**Instructions to follow:** Please output only the lines running from the one that contains "old postcard Cattolica" through the last line of the data below, exactly as they stand, with no pictures.

**Information given:**
=====
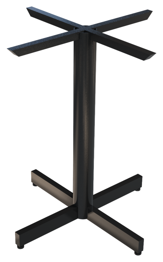 Estructura metálica con base tipo cruceta en perfil 2″x1″, soporte vertical de 3″ cal. 18. nivelador de altura ajustable.
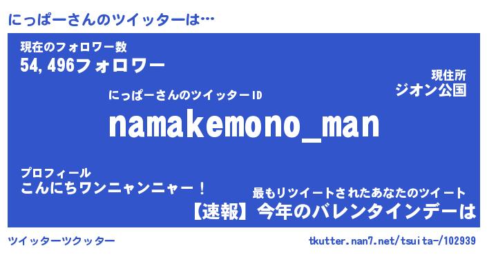 | 欧米人風あだ名 | 『マイケルにっぱー』『ウサインにっぱー』 |
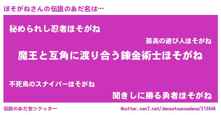 | 女子向けラノベタイトル風あだ名 | 『ほそがね恋絵巻』 |
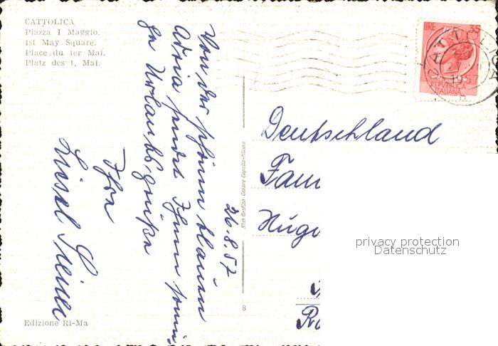 old postcard Cattolica Rimini Piazza I Maggio postalisch gelaufen Erhaltung siehe scans
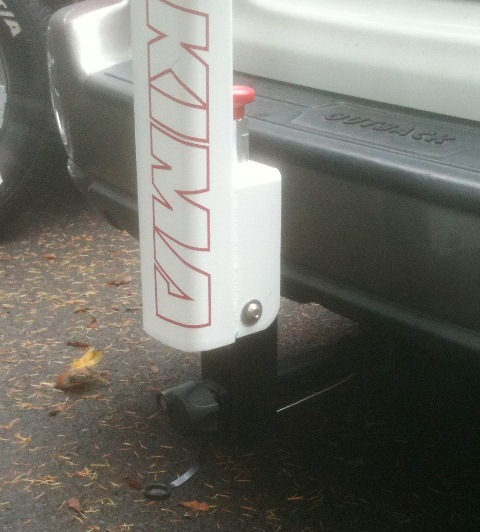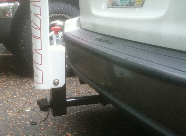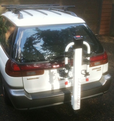 After I rigged the release mechanism on a string from the top of the rack you don't even have to bend down to release it and get in back of car. PM me for details.
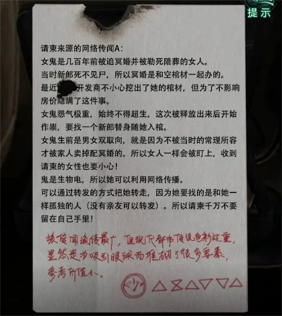 密码第三个确实模糊不清,其余的分别是缢(暗指新娘上吊身亡)、伥(为虎作伥的意思大家都明白)、这个实在看不清就空着、焦(暗示突发大火将一切烧焦)、娚(暗示新娘的性取向)、颤(颤抖吧,凡人),这些字自然是用于大小姐抱着的箱子上。调整好后箱子打开了,可纸人立刻就用手捂住了箱子。
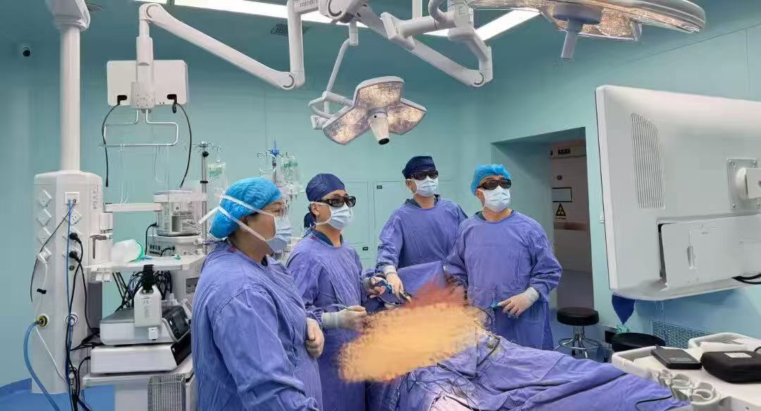手术正式开始,由崔周军博士团队率先开展3D腹腔镜下保留脾脏胰体尾切除术。团队凭借精湛微创技术,在狭小空间内精细分离、精准操作,细致游离胰腺与脾脏血管,全程完好保护脾脏血供与功能,在完整切除胰腺肿瘤的同时,成功保留重要免疫器官脾脏,有效避免术后免疫下降、血栓风险增高等问题,实现“根治肿瘤+保护脏器”双重目标。
=====
**Finished task:**
 old postcard Cattolica Rimini Piazza I Maggio postalisch gelaufen Erhaltung siehe scans
 After I rigged the release mechanism on a string from the top of the rack you don't even have to bend down to release it and get in back of car. PM me for details.
 密码第三个确实模糊不清,其余的分别是缢(暗指新娘上吊身亡)、伥(为虎作伥的意思大家都明白)、这个实在看不清就空着、焦(暗示突发大火将一切烧焦)、娚(暗示新娘的性取向)、颤(颤抖吧,凡人),这些字自然是用于大小姐抱着的箱子上。调整好后箱子打开了,可纸人立刻就用手捂住了箱子。
手术正式开始,由崔周军博士团队率先开展3D腹腔镜下保留脾脏胰体尾切除术。团队凭借精湛微创技术,在狭小空间内精细分离、精准操作,细致游离胰腺与脾脏血管,全程完好保护脾脏血供与功能,在完整切除胰腺肿瘤的同时,成功保留重要免疫器官脾脏,有效避免术后免疫下降、血栓风险增高等问题,实现“根治肿瘤+保护脏器”双重目标。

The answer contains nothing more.